Records from a collection
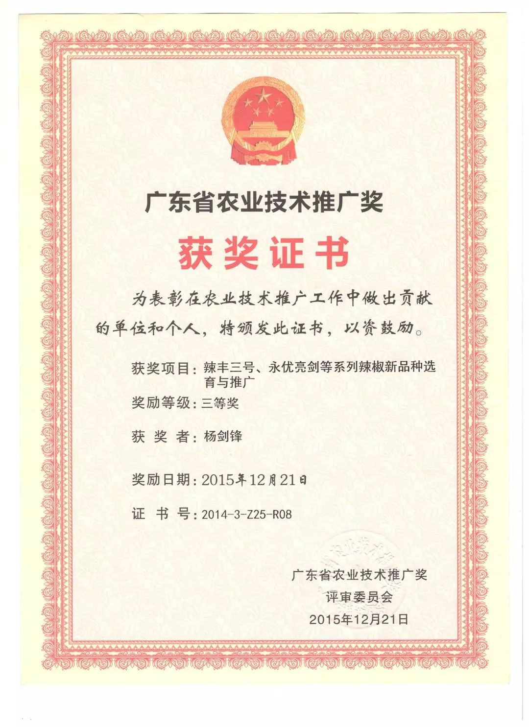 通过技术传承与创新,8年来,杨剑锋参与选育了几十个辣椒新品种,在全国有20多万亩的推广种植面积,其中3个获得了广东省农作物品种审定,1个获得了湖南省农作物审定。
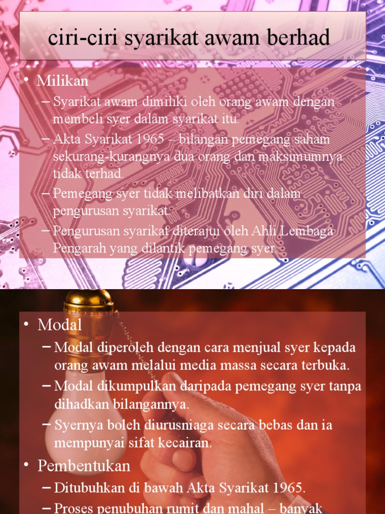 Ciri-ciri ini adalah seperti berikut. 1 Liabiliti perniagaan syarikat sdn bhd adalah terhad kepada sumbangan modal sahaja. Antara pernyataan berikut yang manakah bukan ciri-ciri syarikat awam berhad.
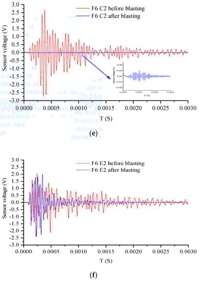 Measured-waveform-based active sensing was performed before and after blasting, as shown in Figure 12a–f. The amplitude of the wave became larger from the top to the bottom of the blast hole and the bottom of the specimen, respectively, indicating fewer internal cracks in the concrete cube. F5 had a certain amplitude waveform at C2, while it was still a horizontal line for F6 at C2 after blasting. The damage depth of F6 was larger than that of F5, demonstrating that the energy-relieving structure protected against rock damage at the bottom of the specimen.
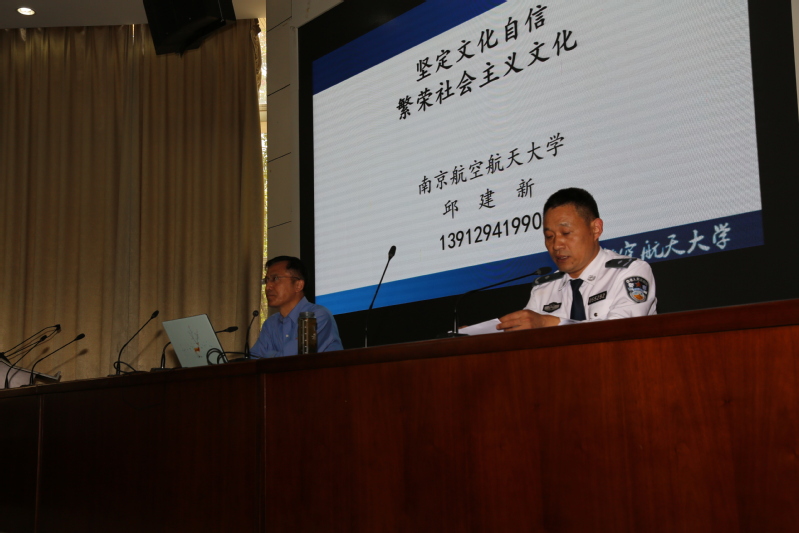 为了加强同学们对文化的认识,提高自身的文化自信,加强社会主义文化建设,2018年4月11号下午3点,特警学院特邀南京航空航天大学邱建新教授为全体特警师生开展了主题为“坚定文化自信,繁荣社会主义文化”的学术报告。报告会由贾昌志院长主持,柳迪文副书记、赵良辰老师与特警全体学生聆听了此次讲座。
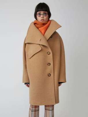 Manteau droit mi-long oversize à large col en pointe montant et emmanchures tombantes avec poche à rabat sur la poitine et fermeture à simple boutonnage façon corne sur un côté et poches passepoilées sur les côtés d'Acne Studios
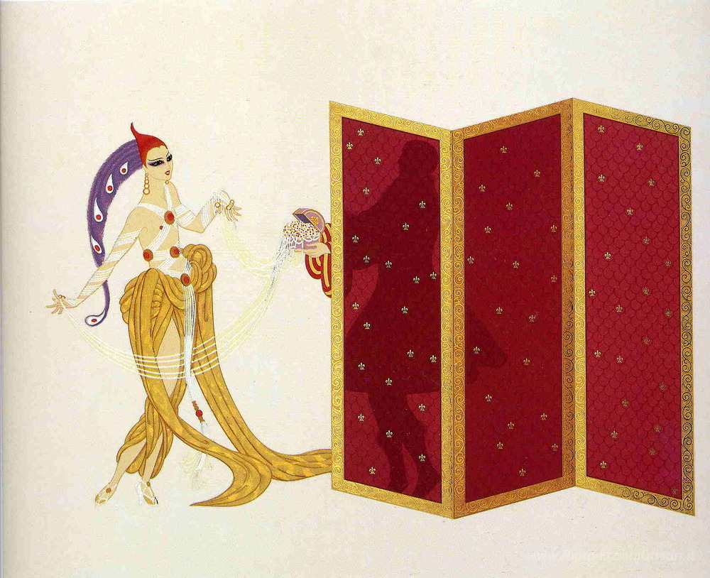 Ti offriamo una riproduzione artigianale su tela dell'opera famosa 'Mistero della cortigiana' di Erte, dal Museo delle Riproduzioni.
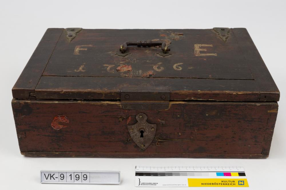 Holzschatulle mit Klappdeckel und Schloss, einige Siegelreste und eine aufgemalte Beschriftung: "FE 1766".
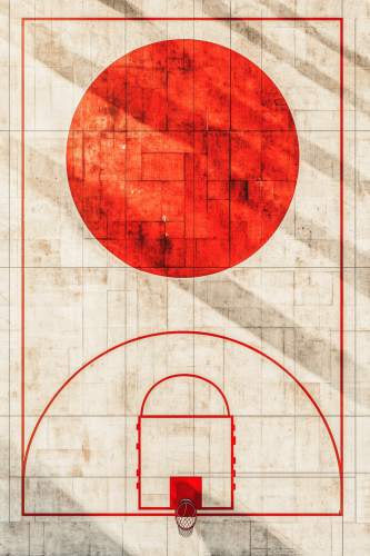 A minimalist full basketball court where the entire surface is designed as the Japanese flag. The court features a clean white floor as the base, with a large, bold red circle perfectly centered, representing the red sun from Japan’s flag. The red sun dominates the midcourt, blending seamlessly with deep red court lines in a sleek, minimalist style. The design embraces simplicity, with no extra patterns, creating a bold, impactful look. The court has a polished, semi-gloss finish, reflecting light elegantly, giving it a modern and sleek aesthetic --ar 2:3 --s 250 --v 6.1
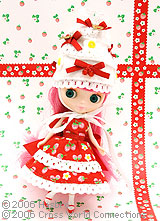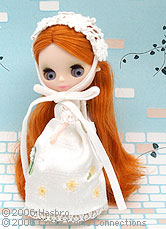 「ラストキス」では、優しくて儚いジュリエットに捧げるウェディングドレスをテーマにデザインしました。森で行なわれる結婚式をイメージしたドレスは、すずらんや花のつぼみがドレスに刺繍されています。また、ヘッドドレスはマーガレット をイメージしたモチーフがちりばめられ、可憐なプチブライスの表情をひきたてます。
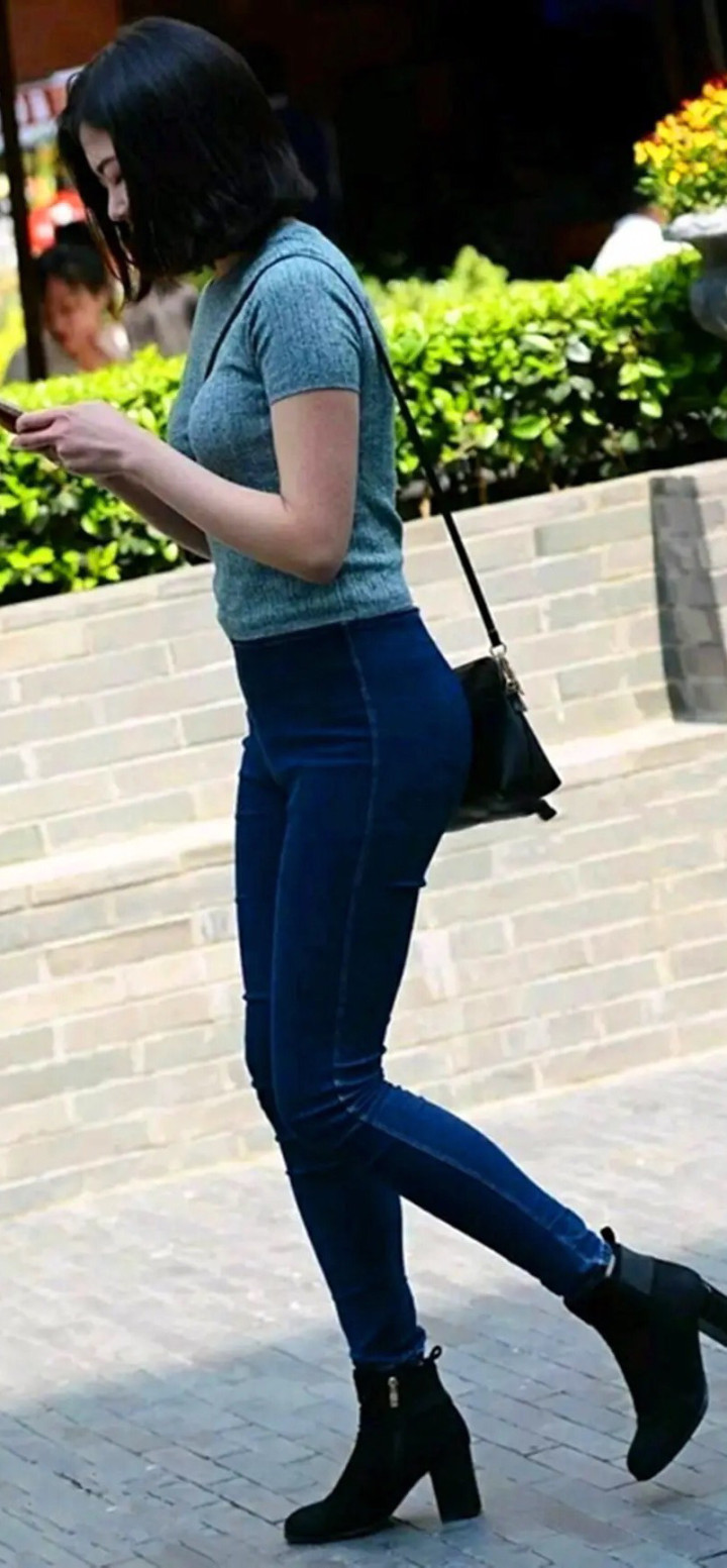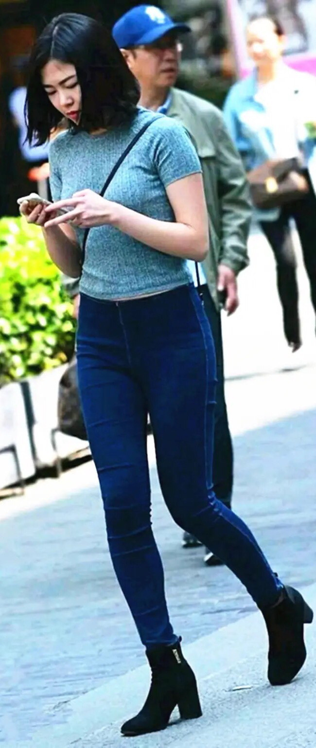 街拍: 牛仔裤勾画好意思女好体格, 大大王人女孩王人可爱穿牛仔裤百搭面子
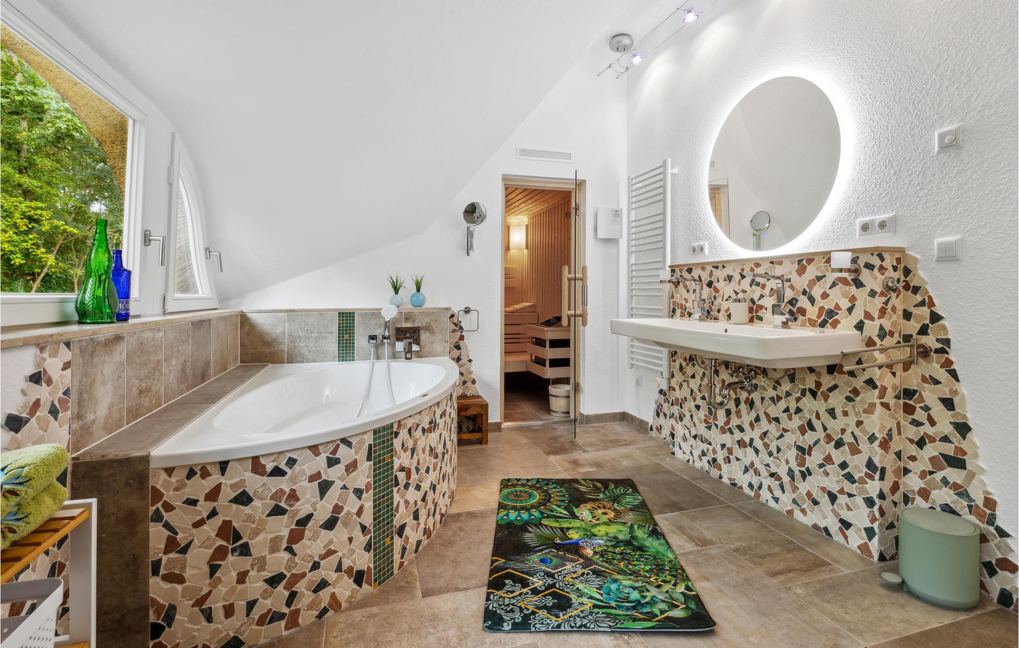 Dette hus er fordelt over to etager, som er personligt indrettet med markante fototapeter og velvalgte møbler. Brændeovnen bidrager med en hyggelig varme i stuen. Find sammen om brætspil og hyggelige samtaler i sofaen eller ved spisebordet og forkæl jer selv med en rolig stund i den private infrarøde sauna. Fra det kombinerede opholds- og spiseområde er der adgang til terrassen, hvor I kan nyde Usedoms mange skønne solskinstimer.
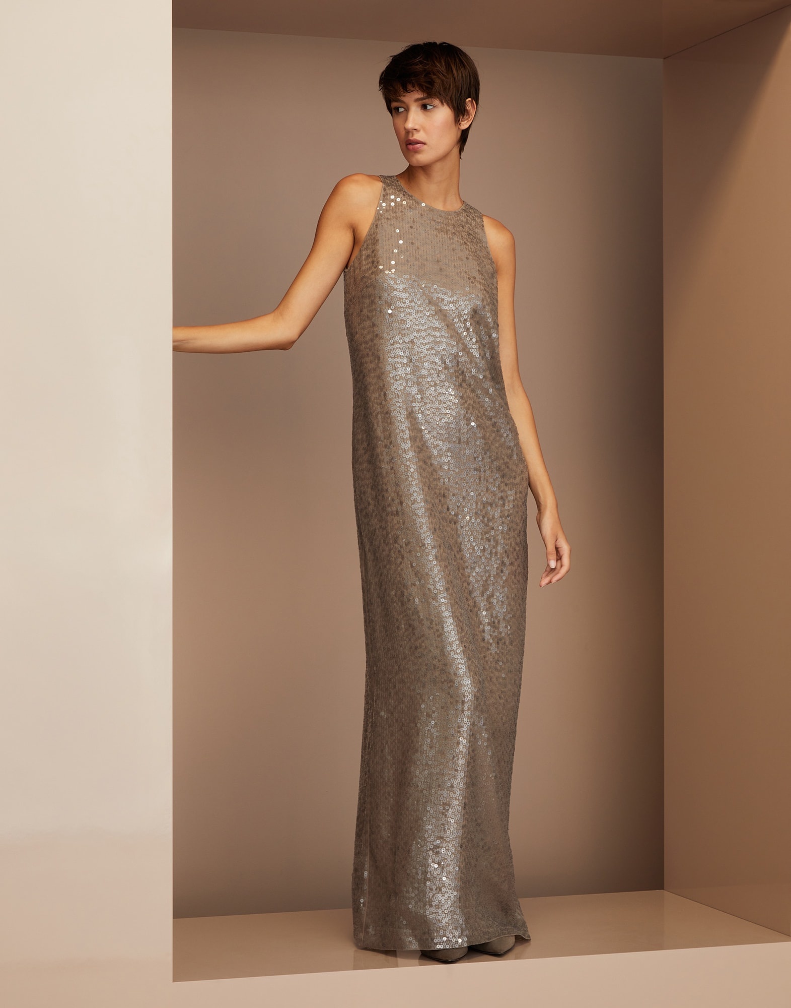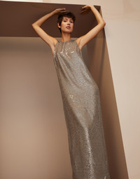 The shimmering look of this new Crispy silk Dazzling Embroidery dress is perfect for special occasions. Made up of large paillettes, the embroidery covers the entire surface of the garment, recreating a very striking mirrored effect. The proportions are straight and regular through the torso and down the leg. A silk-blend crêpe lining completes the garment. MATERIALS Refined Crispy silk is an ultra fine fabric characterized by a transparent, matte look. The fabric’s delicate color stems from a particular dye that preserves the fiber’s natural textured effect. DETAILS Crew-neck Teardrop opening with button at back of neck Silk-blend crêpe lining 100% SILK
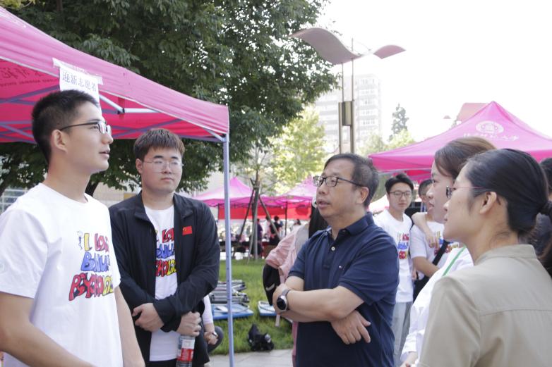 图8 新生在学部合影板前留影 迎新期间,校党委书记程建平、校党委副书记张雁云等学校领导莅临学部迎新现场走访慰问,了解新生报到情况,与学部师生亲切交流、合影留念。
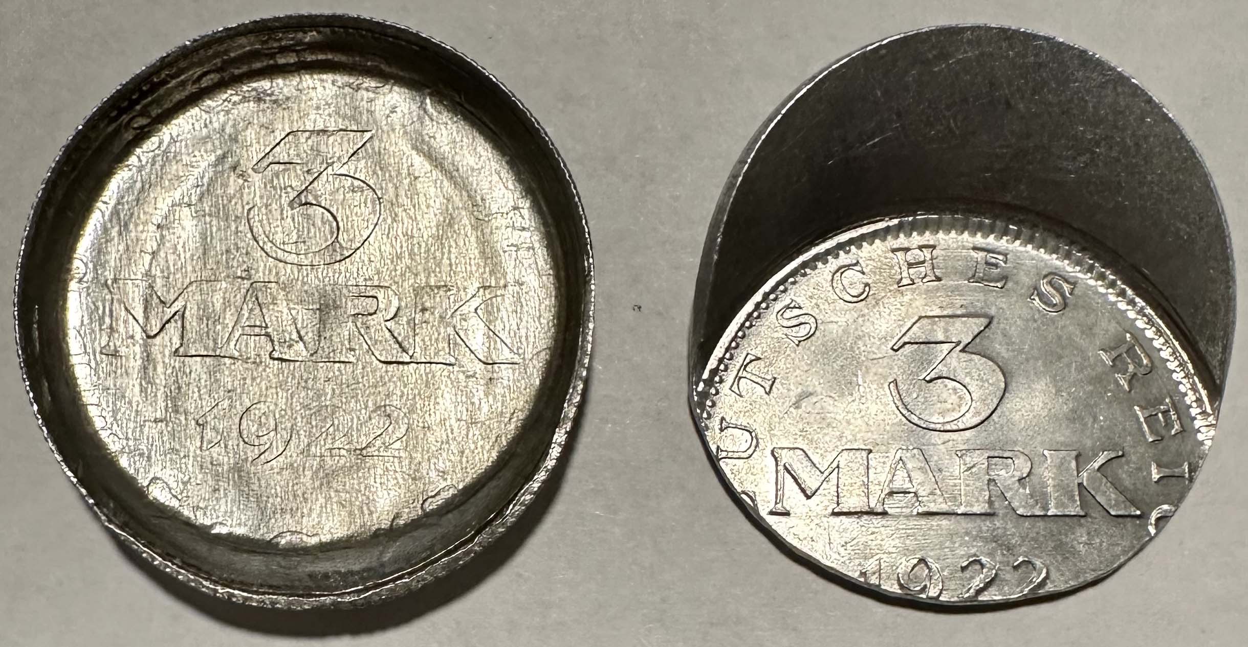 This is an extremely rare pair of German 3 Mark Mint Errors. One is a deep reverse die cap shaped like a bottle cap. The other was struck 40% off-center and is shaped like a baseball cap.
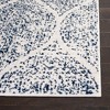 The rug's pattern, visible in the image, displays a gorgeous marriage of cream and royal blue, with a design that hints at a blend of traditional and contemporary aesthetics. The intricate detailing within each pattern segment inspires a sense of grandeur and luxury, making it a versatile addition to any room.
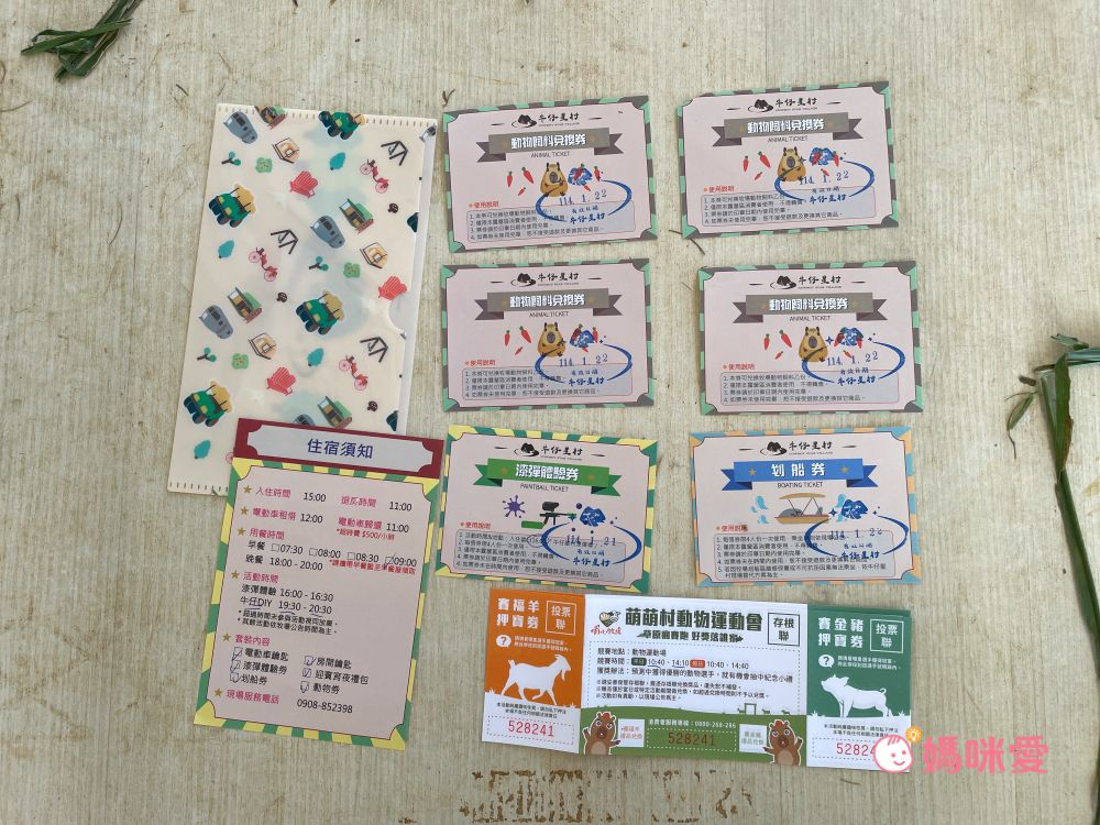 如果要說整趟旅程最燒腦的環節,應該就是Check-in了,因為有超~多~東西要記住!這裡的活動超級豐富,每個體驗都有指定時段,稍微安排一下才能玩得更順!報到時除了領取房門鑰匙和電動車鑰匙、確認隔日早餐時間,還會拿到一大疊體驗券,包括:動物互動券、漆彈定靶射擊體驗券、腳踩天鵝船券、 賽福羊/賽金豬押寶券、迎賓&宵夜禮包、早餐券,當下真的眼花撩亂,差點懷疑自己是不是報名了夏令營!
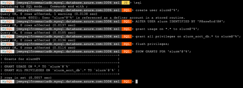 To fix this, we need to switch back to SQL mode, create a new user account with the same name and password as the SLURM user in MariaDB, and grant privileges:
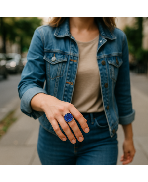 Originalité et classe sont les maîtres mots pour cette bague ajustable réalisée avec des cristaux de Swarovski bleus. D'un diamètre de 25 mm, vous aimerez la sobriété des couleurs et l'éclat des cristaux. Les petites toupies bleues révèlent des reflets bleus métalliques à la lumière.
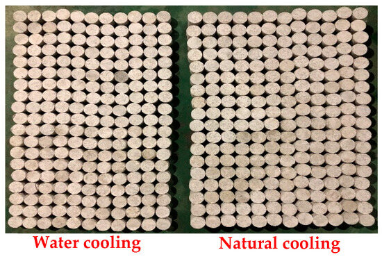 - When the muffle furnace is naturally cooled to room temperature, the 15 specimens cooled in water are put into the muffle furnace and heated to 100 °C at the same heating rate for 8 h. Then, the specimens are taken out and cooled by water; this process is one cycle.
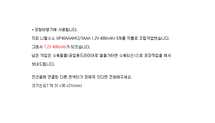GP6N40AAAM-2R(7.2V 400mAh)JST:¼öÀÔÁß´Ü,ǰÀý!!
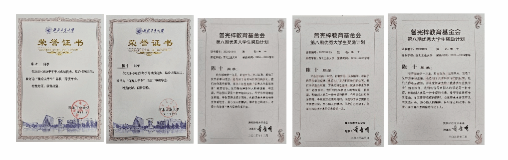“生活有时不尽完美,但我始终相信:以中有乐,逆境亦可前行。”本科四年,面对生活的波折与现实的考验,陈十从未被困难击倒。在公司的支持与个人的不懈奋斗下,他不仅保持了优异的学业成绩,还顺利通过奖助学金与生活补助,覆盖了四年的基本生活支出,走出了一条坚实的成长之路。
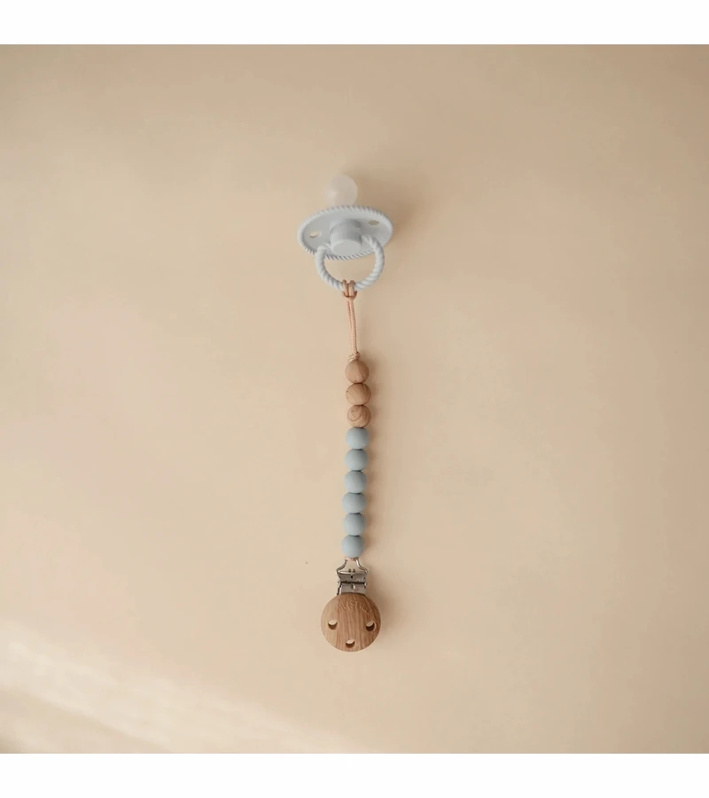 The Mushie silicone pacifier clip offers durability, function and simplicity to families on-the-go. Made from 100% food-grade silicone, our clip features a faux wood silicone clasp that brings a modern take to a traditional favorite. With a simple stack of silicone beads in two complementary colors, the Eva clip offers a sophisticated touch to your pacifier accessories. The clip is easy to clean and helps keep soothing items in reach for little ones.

→ **What to work on**
The result should be an exact copy of only the lines above from the one that holds "为了加强同学们对文化的认识,提高自身的文" through the one that holds "Manteau droit mi-long", both ends included, without pictures.

→ **Solved problem**
 为了加强同学们对文化的认识,提高自身的文化自信,加强社会主义文化建设,2018年4月11号下午3点,特警学院特邀南京航空航天大学邱建新教授为全体特警师生开展了主题为“坚定文化自信,繁荣社会主义文化”的学术报告。报告会由贾昌志院长主持,柳迪文副书记、赵良辰老师与特警全体学生聆听了此次讲座。
 Manteau droit mi-long oversize à large col en pointe montant et emmanchures tombantes avec poche à rabat sur la poitine et fermeture à simple boutonnage façon corne sur un côté et poches passepoilées sur les côtés d'Acne Studios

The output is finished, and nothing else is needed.